Ok. Did I add the creditcard, email, merchant_id and sku correctly? The user won't see the merchant_id or sku will they?

Code:

$curl = curl_init();
                curl_setopt($curl, CURLOPT_URL, 'https://wwwremotesite/somescript.php');
                curl_setopt($curl, CURLOPT_HEADER, 0);
                curl_setopt($curl, CURLOPT_POST, 1);
                curl_setopt($curl, CURLOPT_POSTFIELDS, 'username=' . urlencode($username) . '&password=' .
                  urlencode($password) . '&creditcard=' . '&email=' . '&merchant_id=139' . '&sku='LLPMTRIALC'));
                curl_setopt($curl, CURLOPT_RETURNTRANSFER, 1);
                $result = curl_exec($curl);
                curl_close($curl);

Now, how does the user actually input their credit card and e-mail? Do I still create a form like so:

Code:

<form action="http://url_to_script_Jason_provided" method="post" name="Cancel" id="Cancel">
  <input name="creditcard" type="text" id="creditcard" value="Credit Card #" size="16" maxlength="16">
  <input name="email" type="text" id="email" value="E-mail Address" size="16" maxlength="50">
  <input type="hidden" name="merchant_id" value="139">
  <input type="hidden" name="sku" value="LLPMTRIALC">
  <input type="hidden" name="user" value="">
  <input type="hidden" name="password" value="">
</form>

Where you put:

Code:

'username=' . urlencode($username) . '&password=' .
                  urlencode($password)

Do I change this to:

Code:

'username=' . urlencode(MY_REAL_USERNAME) . '&password=' .
                  urlencode(MY_REAL_PASSWORD)

Or does your php script read from the form where I put name="user" value="" and name="password" value="" ??

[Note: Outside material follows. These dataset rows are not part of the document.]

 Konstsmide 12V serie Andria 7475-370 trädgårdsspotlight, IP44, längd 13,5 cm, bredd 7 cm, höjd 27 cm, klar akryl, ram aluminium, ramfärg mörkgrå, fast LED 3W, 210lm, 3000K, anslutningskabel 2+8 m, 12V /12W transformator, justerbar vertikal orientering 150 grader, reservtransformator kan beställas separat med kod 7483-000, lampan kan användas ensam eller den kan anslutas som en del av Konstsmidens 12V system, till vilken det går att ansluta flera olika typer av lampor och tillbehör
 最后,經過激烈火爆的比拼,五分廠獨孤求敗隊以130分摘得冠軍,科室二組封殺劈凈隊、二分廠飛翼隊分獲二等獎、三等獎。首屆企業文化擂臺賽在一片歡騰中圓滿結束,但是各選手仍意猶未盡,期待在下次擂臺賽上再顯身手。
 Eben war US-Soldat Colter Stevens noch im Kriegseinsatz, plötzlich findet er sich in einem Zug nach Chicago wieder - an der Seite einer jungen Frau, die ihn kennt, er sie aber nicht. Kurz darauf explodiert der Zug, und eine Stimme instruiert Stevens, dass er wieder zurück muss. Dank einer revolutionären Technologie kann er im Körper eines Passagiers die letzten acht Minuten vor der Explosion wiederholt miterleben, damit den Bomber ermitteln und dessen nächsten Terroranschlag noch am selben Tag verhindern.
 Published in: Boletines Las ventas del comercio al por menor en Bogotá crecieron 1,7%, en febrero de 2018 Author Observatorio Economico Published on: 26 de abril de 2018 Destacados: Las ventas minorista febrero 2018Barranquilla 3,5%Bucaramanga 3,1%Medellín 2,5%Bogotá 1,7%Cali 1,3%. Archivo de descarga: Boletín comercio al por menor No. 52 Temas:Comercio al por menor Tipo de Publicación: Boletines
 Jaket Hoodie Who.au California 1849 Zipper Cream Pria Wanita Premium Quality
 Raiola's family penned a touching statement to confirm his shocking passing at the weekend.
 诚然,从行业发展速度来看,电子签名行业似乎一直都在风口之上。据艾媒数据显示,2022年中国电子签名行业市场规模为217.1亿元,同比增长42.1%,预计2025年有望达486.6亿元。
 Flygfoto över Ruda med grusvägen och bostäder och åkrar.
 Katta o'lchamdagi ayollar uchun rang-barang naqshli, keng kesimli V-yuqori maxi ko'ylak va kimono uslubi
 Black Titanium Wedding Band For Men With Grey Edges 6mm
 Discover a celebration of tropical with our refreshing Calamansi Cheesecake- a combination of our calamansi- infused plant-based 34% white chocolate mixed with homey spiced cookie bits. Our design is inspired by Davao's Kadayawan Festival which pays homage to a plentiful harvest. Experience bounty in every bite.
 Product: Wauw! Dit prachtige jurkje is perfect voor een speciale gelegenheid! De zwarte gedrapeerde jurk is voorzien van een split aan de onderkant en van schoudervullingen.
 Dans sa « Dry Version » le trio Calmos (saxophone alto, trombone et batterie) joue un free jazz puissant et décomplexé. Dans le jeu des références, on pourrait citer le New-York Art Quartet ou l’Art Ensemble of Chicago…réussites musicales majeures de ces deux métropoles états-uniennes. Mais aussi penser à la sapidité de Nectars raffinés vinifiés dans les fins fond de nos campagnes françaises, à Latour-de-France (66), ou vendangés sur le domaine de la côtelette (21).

Thanks again, so much. I'm more a designer than coder. This is helping me a lot.

[Spathiphyllum]

Do I change this to:

Code:

'username=' . urlencode(MY_REAL_USERNAME) . '&password=' .
                  urlencode(MY_REAL_PASSWORD)

Or does your php script read from the form where I put name="user" value="" and name="password" value="" ??

I'll let jason handle the specifics so as not to confuse things too much; but, the $username and $password strings are variable expressions and you will not enter a particular value for them. The values for these variables should be derived dynamically from the form submission input page. The php script should parse the form's return key:value combination and extract the "username" and "password" strings from the entire returned string (among the others). jason has not provided you with that portion of input string parsing. I don't work with php to tell you what subroutine is preferred. Just know that the form's input string will need to be accepted by the php script, disassembled into key:value pairs, the values checked for sanity and security, and those "cleaned" values inserted into the proper place in the $curl object.

Simply, the HTML form (which you seem to have constructed properly) accepts values and it passes that long string of user data (../script.php?(key=value&)n); that string is accepted by the php script after form submission and broken down again into component parts, and those component parts are assigned to specific spots in the $curl object which will, subsequently, pass that information on to the other server.

Just to be clear, I believe the username/password values are from the customer and NOT some confirmation data from you - the merchant. If the data that needs to be sent to the third party server is actually unique information from the merchant, then you would need to get that information elsewhere and, perhaps, hardcoding the values as you did in your other example would be appropriate.

I hope this helps but I'd suggest you wait for jason to clarify this a bit more. This might nudge you along until he gets here.

[Connie]

Can't help you with the code, but I am wondering. Is this form on your site going to be a secure page? If not I don't think most people won't fill in their CC number.

[EliteRides]

poo... no delete capability in this board. Disregard this reply.